# What are your New Years traditions or routines?



## Ronni (Jan 3, 2021)

In the South, serving black eyed peas on New Years are considered good luck for the coming year, so manu families in this part of the country serve black eyed peas in some form. I have been making Hoppin’John for years, served with mounds of hot buttered cornbread.

Hoppin’ John is basically a big pot of black beans, simmered with a ham hock and a bunch of seasonings for flavor, served over steamed rice sprinkled with with cornbread on the side, It’s a rich, flavorful dish, freezes really well, and it’s easy on the budget too.

It’s one of my family’s favorite meals and I always make a huge pot and lots of extra cornbread so they can take some home!


I have a batch simmering on the stove right now, and I’ll pop the cornbread in the oven in a bit. The family in our bubble are coming over a bit later to hang out and share the meal.

I don’t make New Years Resolutions, but I do sort of overview the year before and plan to make whatever changes I feel are needed to enhance my quality of life, whether mentally or physically.

And the last thing I do is when I’m taking down our Christmas decorations (we decorate a lot) is I use the opportunity to deep clean those areas, which gives me a jump start on my spring cleaning.

What about you?


----------



## Aunt Bea (Jan 3, 2021)

On New Year's Eve.
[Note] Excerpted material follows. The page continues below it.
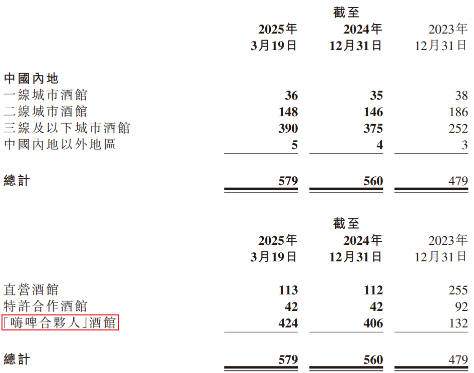 截至去年末,海倫司直營酒館112家、特許合作酒館42家,同比分別減少143家、50家。唯有嗨啤合伙人酒館增加274家,為406家。其直營、特許及合伙人酒館合計560家,同比增家81家。截至2025年3月19日,公司酒館門店總規(guī)模為579家。

I make sure the bills/debts have all been paid, take out the trash, and make sure that my little apartment is in order.

On New Year's Day, I take a few minutes to tally up my income/expenses from the previous year and rough out a budget for the new year.

I also try not to spend any money for as far into the new year as possible.  It's just a silly game based on the notion that the way the year starts is the way the year will go.

As far as food goes I always follow the tradition of ending the year on a high note and starting the new year with a humble meal similar to the one pictured above.

Happy New Year!


----------



## Ronni (Jan 3, 2021)

I love those ideas!!  Part of my New Years traditions since I met Ron, which I didn’t cover above, is that we go out of town for our New Year’s Eve celebration, and then have our New Years Hoppin’John get together when we get back.

The point being that we’re busy and not in town usually right at New Years and somehow the I always end up feeling like I’m running to catch up with new year once I get settled back in to our normal routine!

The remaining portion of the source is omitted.